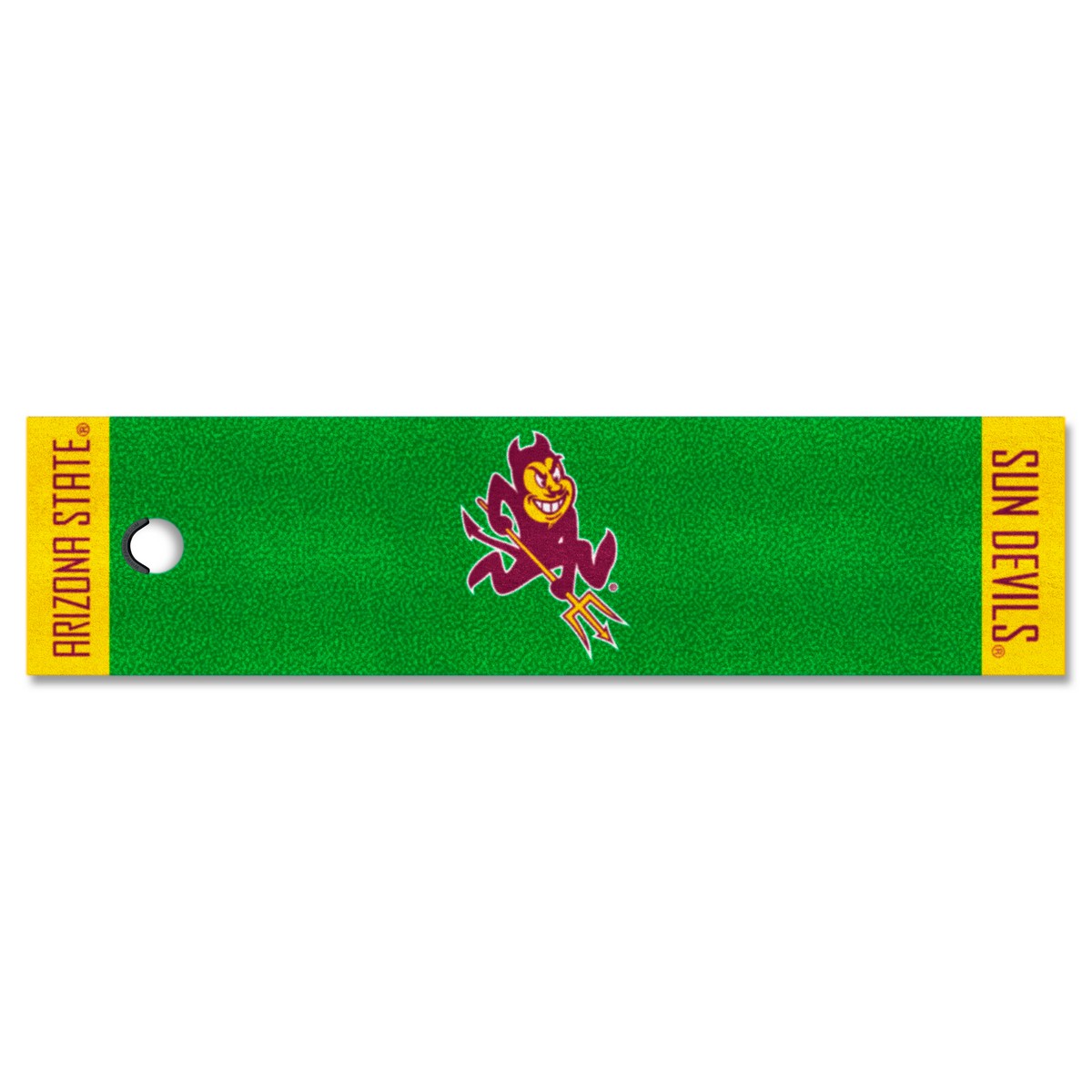| Arizona State Sun Devils Putting Green Mat - 1.5ft. x 6ft., Sparky Logo Realistic putting surface (11* on golf Stimpmeter) Includes putting target barrier/backstop Durable vinyl backing keeps mat in place 100% Nylon Face Doubles as a runner when not in use Officially licensed and chromojet printed in true team colors Arizona State University in Arizona |
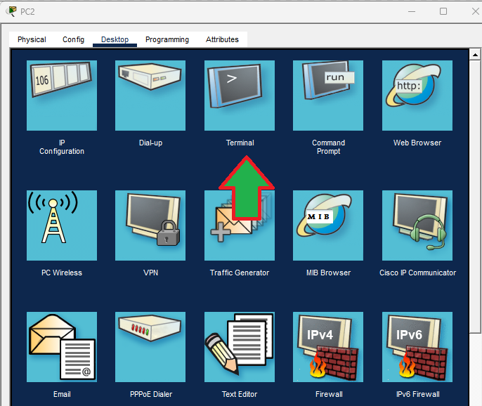 Ahora tendremos que iniciar las el modo consola en el PC2 para empezar las configuraciones, para lo que lo haremos de la siguiente forma:
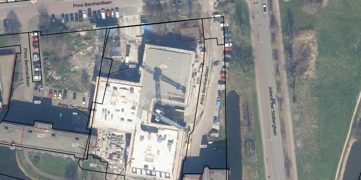 Prins Bernhardlaan 302 is gelegen op kadastraal perceel WDV01B7597. Deze kadastrale aanduiding is uniek en wordt gebruikt door het Kadaster om eigendomsrechten en andere zakelijke rechten vast te leggen. Het perceel maakt onderdeel uit van de kadastrale gemeente Waddinxveen.
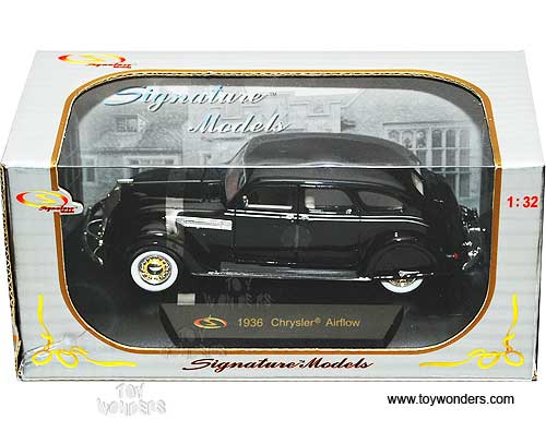 32306BK SIGNATURE MODELS - 1936 Chrysler Airflow Hard Top. 1:32 scale diecast collectible model car. This 1936 Chrysler Airflow is a 6"Lx 2.25"Wx 1.75"H diecast classic oldies with adjustable front wheels and openable hood & doors. Sits on a display plaque. This 1936 Chrysler Airflow is manufactured by Signature Models; ref. no. 32306 in BLACK color. Individually packed in a window box.
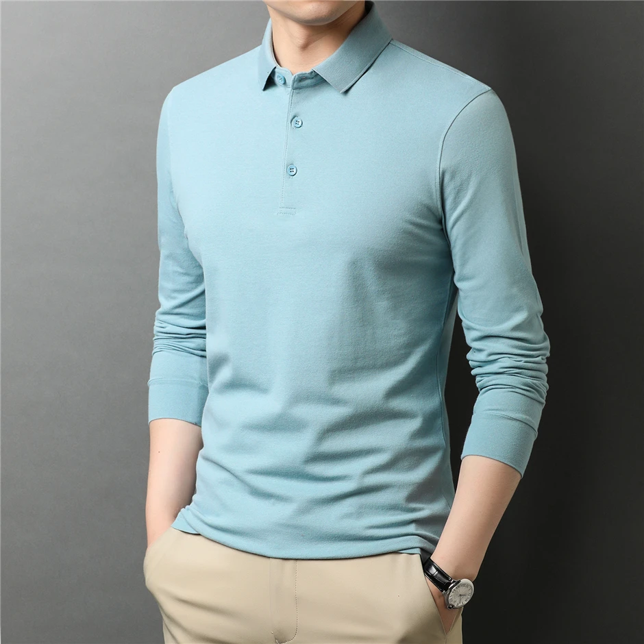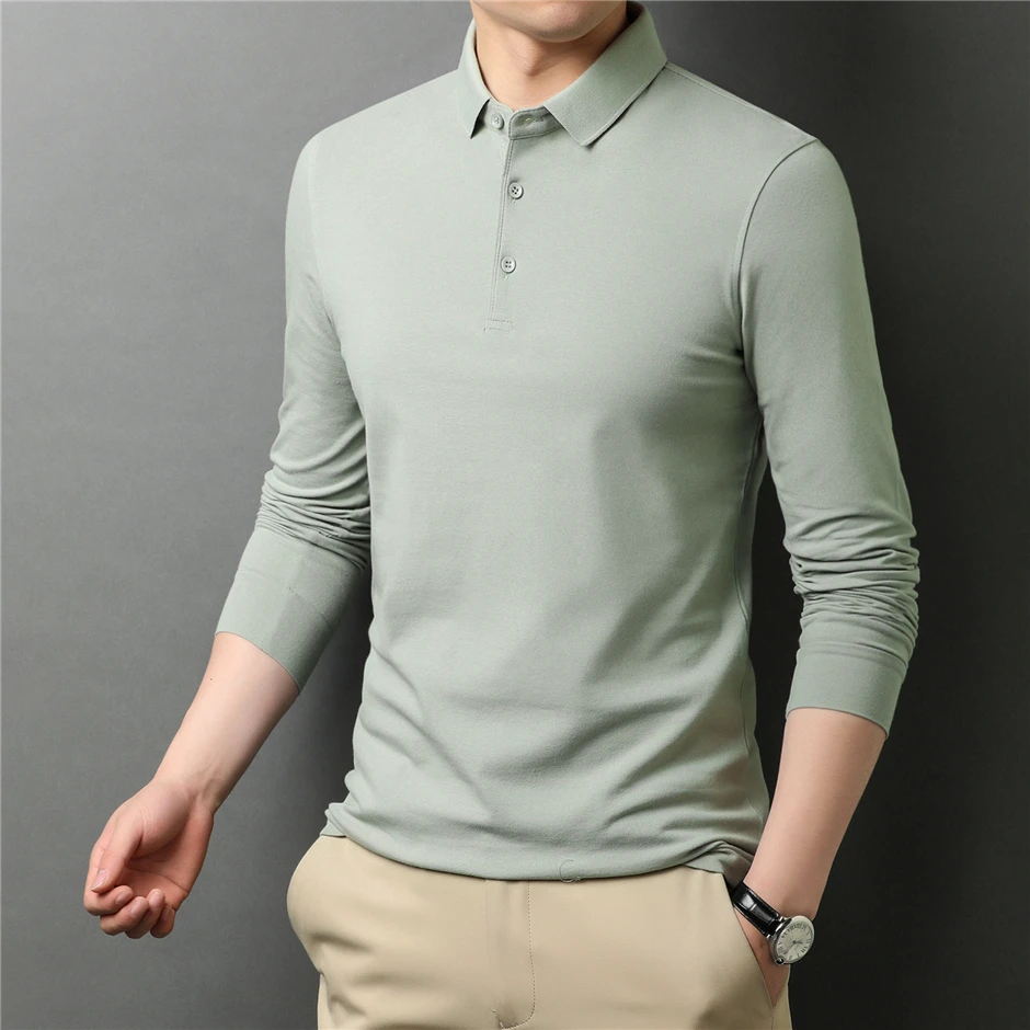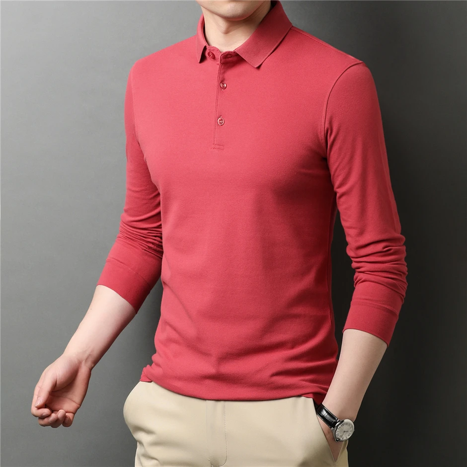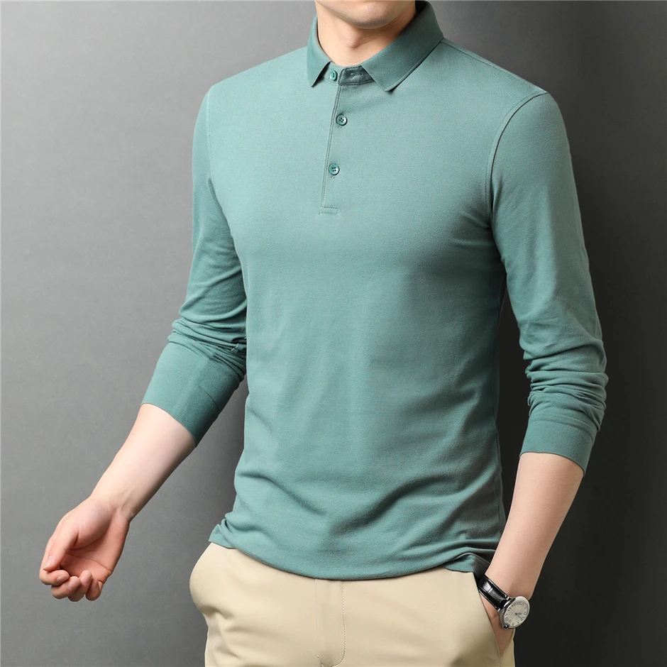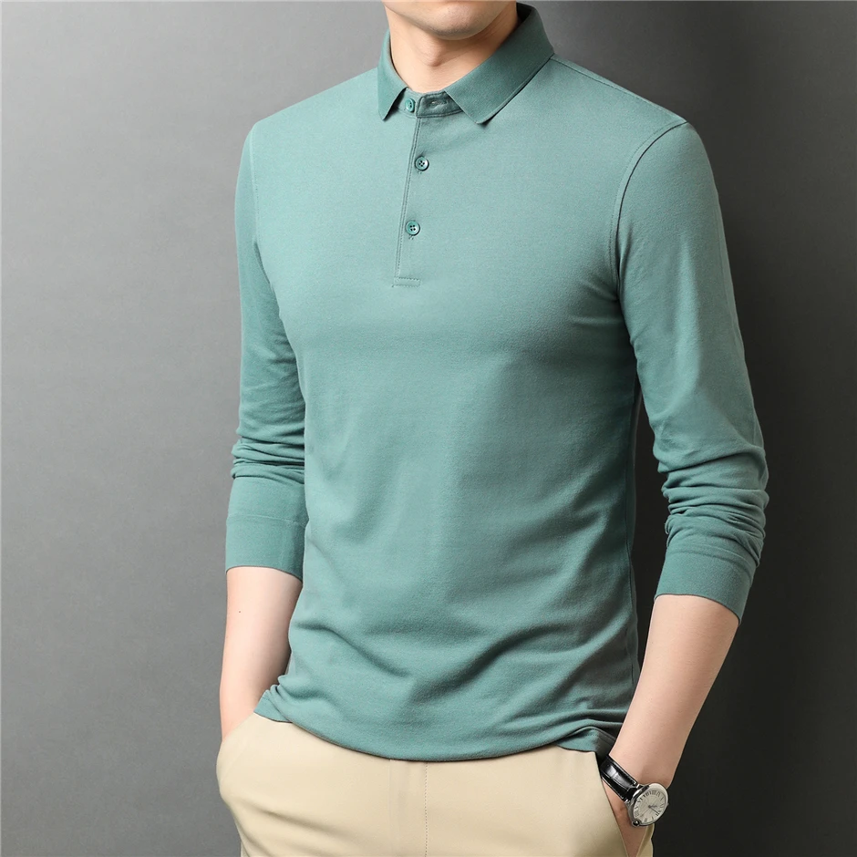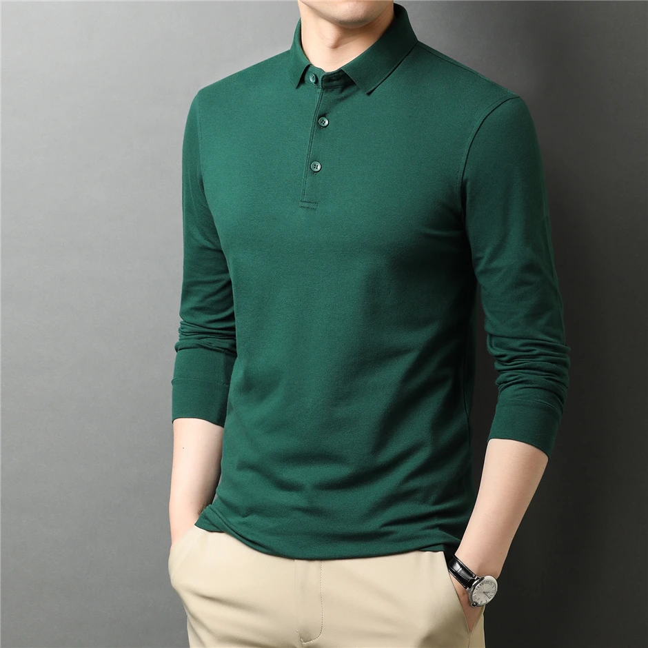 COODRONY Pure Color Long Sleeve Cotton Polo-Shirt Men Brand Clothing Spring Autumn Classic Business Casual T Shirts Homme Z5120
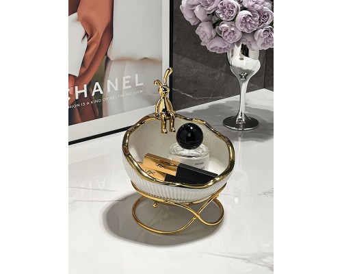 金兔陶瓷白描金收納帶架 (NT497)
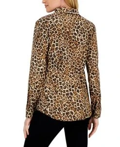 Charter Club Women’s Embellished Leopard Buttoned Top, Created For Macy’s
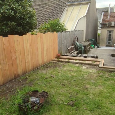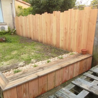 Etape suivante: on refait le gazon, une petite terrasse en Grès cérame et.... une palissade de l'autre côté!
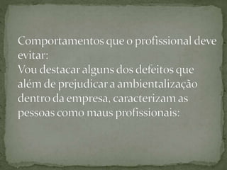 O documento discute as qualificações e comportamentos necessários para profissionais bem-sucedidos no mercado de trabalho atual. Ele enfatiza a importância de estar preparado para mudanças constantes, ter competências além de diplomas, e manter um equilíbrio emocional para lidar com problemas pessoais e profissionais. O documento também lista comportamentos como propagação de fofocas, egoísmo e falta de respeito que devem ser evitados.
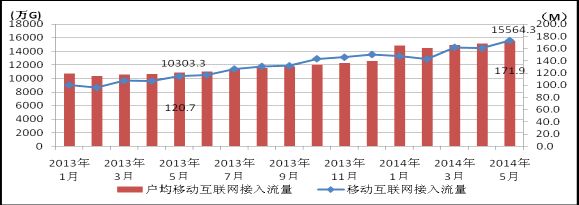 圖7. 2013-2014年各月移動(dòng)互聯(lián)網(wǎng)接入流量和戶均流量比較
....................
▸ **Exercise requirements**:
With the images removed, write out all of the material above exactly.

▸ **Solution for this exercise**:
| Arizona State Sun Devils Putting Green Mat - 1.5ft. x 6ft., Sparky Logo Realistic putting surface (11* on golf Stimpmeter) Includes putting target barrier/backstop Durable vinyl backing keeps mat in place 100% Nylon Face Doubles as a runner when not in use Officially licensed and chromojet printed in true team colors Arizona State University in Arizona |
 Ahora tendremos que iniciar las el modo consola en el PC2 para empezar las configuraciones, para lo que lo haremos de la siguiente forma:
 Prins Bernhardlaan 302 is gelegen op kadastraal perceel WDV01B7597. Deze kadastrale aanduiding is uniek en wordt gebruikt door het Kadaster om eigendomsrechten en andere zakelijke rechten vast te leggen. Het perceel maakt onderdeel uit van de kadastrale gemeente Waddinxveen.
 32306BK SIGNATURE MODELS - 1936 Chrysler Airflow Hard Top. 1:32 scale diecast collectible model car. This 1936 Chrysler Airflow is a 6"Lx 2.25"Wx 1.75"H diecast classic oldies with adjustable front wheels and openable hood & doors. Sits on a display plaque. This 1936 Chrysler Airflow is manufactured by Signature Models; ref. no. 32306 in BLACK color. Individually packed in a window box.
 COODRONY Pure Color Long Sleeve Cotton Polo-Shirt Men Brand Clothing Spring Autumn Classic Business Casual T Shirts Homme Z5120
 金兔陶瓷白描金收納帶架 (NT497)
 Charter Club Women’s Embellished Leopard Buttoned Top, Created For Macy’s
 Etape suivante: on refait le gazon, une petite terrasse en Grès cérame et.... une palissade de l'autre côté!
 O documento discute as qualificações e comportamentos necessários para profissionais bem-sucedidos no mercado de trabalho atual. Ele enfatiza a importância de estar preparado para mudanças constantes, ter competências além de diplomas, e manter um equilíbrio emocional para lidar com problemas pessoais e profissionais. O documento também lista comportamentos como propagação de fofocas, egoísmo e falta de respeito que devem ser evitados.
 圖7. 2013-2014年各月移動(dòng)互聯(lián)網(wǎng)接入流量和戶均流量比較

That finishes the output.